Task directions: Produce a verbatim transcription of the entries, with all pictures omitted.

Stored data entries:

========================

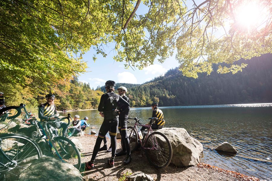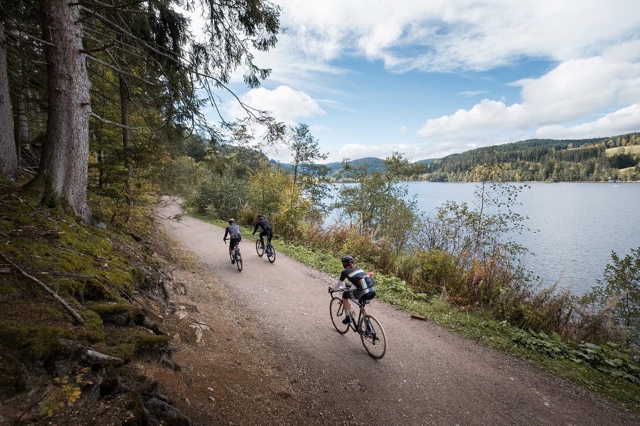Gleich zu Beginn ging es die letzte Abfahrt des gestrigen Tages hinauf, wieder zum Feldberg. Anschließend folgte eine lange und wunderschöne Abfahrt zum Schluchsee. Dort war die erste Verpflegungspause geplant. Bei strahlendem Sonnenschein gab es am Seeufer Kaffee vom Biosk-VW-Bus und dazu erneut Schwarzwälder-Kirsch und Apfelkuchen. Genau so sollte ein Sonntagvormittag ablaufen. Nach einer halben Umrundung des Schluchsees ging die Strecke sanft einen Berghang hinauf zum schönsten Strava-Segment des Tages, zur Rosshütte.
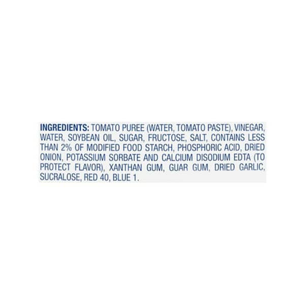 Sugar, Tomato Puree (water, Tomato Paste), Vinegar, Vegetable Oil (soybean And/or Canola Oil), Water, Salt, Contains Less Than 2% Of Modified Food Starch, Dried Onions, Phosphoric Acid, Xanthan Gum, Guar Gum, Dried Garlic, Red 40, Blue 1, Potassium Sorbate And Calcium Disodium Edta (to Protect Flavor).
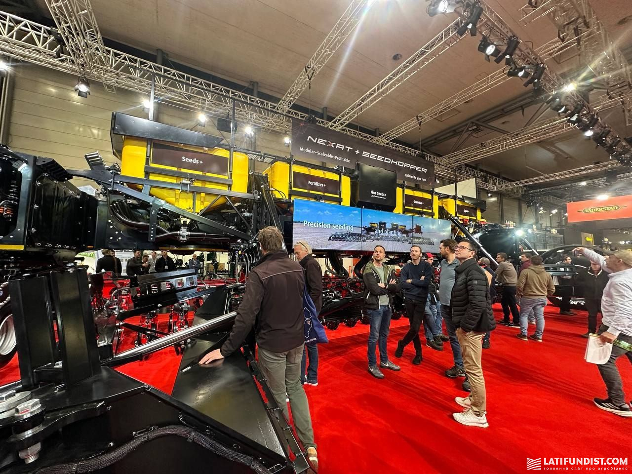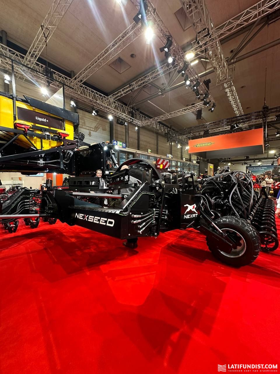 NEXAT продовжує розвивати свою концепцію системного трактора: на Agritechnica 2025 показали 28-метровий модуль прямого й точного висіву, який за один прохід може закладати до 72 рядків. Один модуль уже працює в Бразилії, інший після виставки вирушить до Канади — саме там компанія очікує найбільший попит.
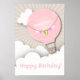 Poster de Aniversário do Balão de Ar Quente Rosa
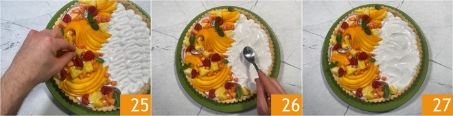 Colocad sobre la superficie los trozos de fruta, incluidos los frambuesas y alguna hojita de menta 25, luego dad un poco de movimiento a la crema con el dorso de una cucharita 26. ¡Vuestra tarta tropical está lista para servir 27!
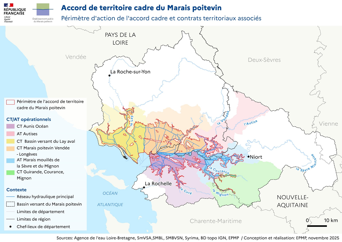 L’accord de territoire cadre du Marais poitevin couvre la période 2020-2025 et succède ainsi au premier contrat initié sur 2015-2019. Il est fondé sur les enseignements tirés de la première programmation, qui a bénéficié d’une évaluation en 2019 et 2025. Il comporte une stratégie territoriale et une feuille de route, coconstruites et validées avec les acteurs du territoire, qui fournissent une ligne de conduite pour les 6 ans à venir.

========================

Answer below:
Gleich zu Beginn ging es die letzte Abfahrt des gestrigen Tages hinauf, wieder zum Feldberg. Anschließend folgte eine lange und wunderschöne Abfahrt zum Schluchsee. Dort war die erste Verpflegungspause geplant. Bei strahlendem Sonnenschein gab es am Seeufer Kaffee vom Biosk-VW-Bus und dazu erneut Schwarzwälder-Kirsch und Apfelkuchen. Genau so sollte ein Sonntagvormittag ablaufen. Nach einer halben Umrundung des Schluchsees ging die Strecke sanft einen Berghang hinauf zum schönsten Strava-Segment des Tages, zur Rosshütte.
 Sugar, Tomato Puree (water, Tomato Paste), Vinegar, Vegetable Oil (soybean And/or Canola Oil), Water, Salt, Contains Less Than 2% Of Modified Food Starch, Dried Onions, Phosphoric Acid, Xanthan Gum, Guar Gum, Dried Garlic, Red 40, Blue 1, Potassium Sorbate And Calcium Disodium Edta (to Protect Flavor).
 NEXAT продовжує розвивати свою концепцію системного трактора: на Agritechnica 2025 показали 28-метровий модуль прямого й точного висіву, який за один прохід може закладати до 72 рядків. Один модуль уже працює в Бразилії, інший після виставки вирушить до Канади — саме там компанія очікує найбільший попит.
 Poster de Aniversário do Balão de Ar Quente Rosa
 Colocad sobre la superficie los trozos de fruta, incluidos los frambuesas y alguna hojita de menta 25, luego dad un poco de movimiento a la crema con el dorso de una cucharita 26. ¡Vuestra tarta tropical está lista para servir 27!
 L’accord de territoire cadre du Marais poitevin couvre la période 2020-2025 et succède ainsi au premier contrat initié sur 2015-2019. Il est fondé sur les enseignements tirés de la première programmation, qui a bénéficié d’une évaluation en 2019 et 2025. Il comporte une stratégie territoriale et une feuille de route, coconstruites et validées avec les acteurs du territoire, qui fournissent une ligne de conduite pour les 6 ans à venir.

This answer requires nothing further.